Four Smartphone Platforms to Dominate the Market
For any software developers bemoaning the pain of having to rewrite apps for each of the many smartphone platforms, there was good news in the fourth quarter of 2009. A developer could reach 75% of the smartphones sold in that quarter by supporting just three platforms, Nokia/Symbian, RIM OS and Apple iPhone OS, according to figures from research firm Strategy Analytics.

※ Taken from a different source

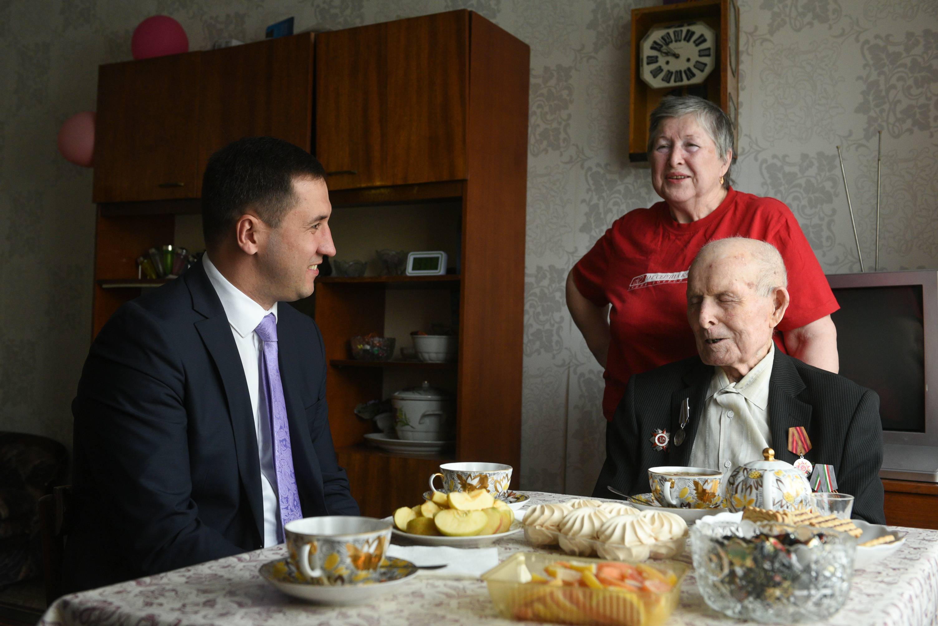 Фарид Салахов тепло поздравил с наступающим праздником 97-летнего ветерана и пожелал здоровья.

Supporting the same three platforms would have enabled a developer to only reach two-thirds of the smartphones sold worldwide in the fourth quarter of 2008. Less fragmentation isn't the only positive trend - the overall pie is substantially bigger. Strategy Analytics estimates that 174 million smartphones were sold in the whole of 2009, compared with 151 million in 2008. If each smartphone has a useful life of two years, that suggests there are more than 300 million smartphones in circulation today around the world.
Big three or big four?
So, should developers be focusing on just the three leading platforms? Probably not. As Google's Android still has plenty of momentum, we could soon be looking at a big four, rather than a big three. But most developers would probably welcome that - a strong performance by Android in 2010 would help cement its position, at the expense of Windows Mobile and LiMo, as the preferred platform for any handset vendor without their own operating system.
As the smartphone market grows further and developers gain greater economies of scale, supporting four key platforms sounds manageable for even small software shops. But those four platforms will mask a lot of complexity - within the Nokia/Symbian ecosystem, there are many different devices with a wide range of capabilities. This is also becoming true of Android and even within the tightly-controlled Apple and RIM stables, not all devices are created equal.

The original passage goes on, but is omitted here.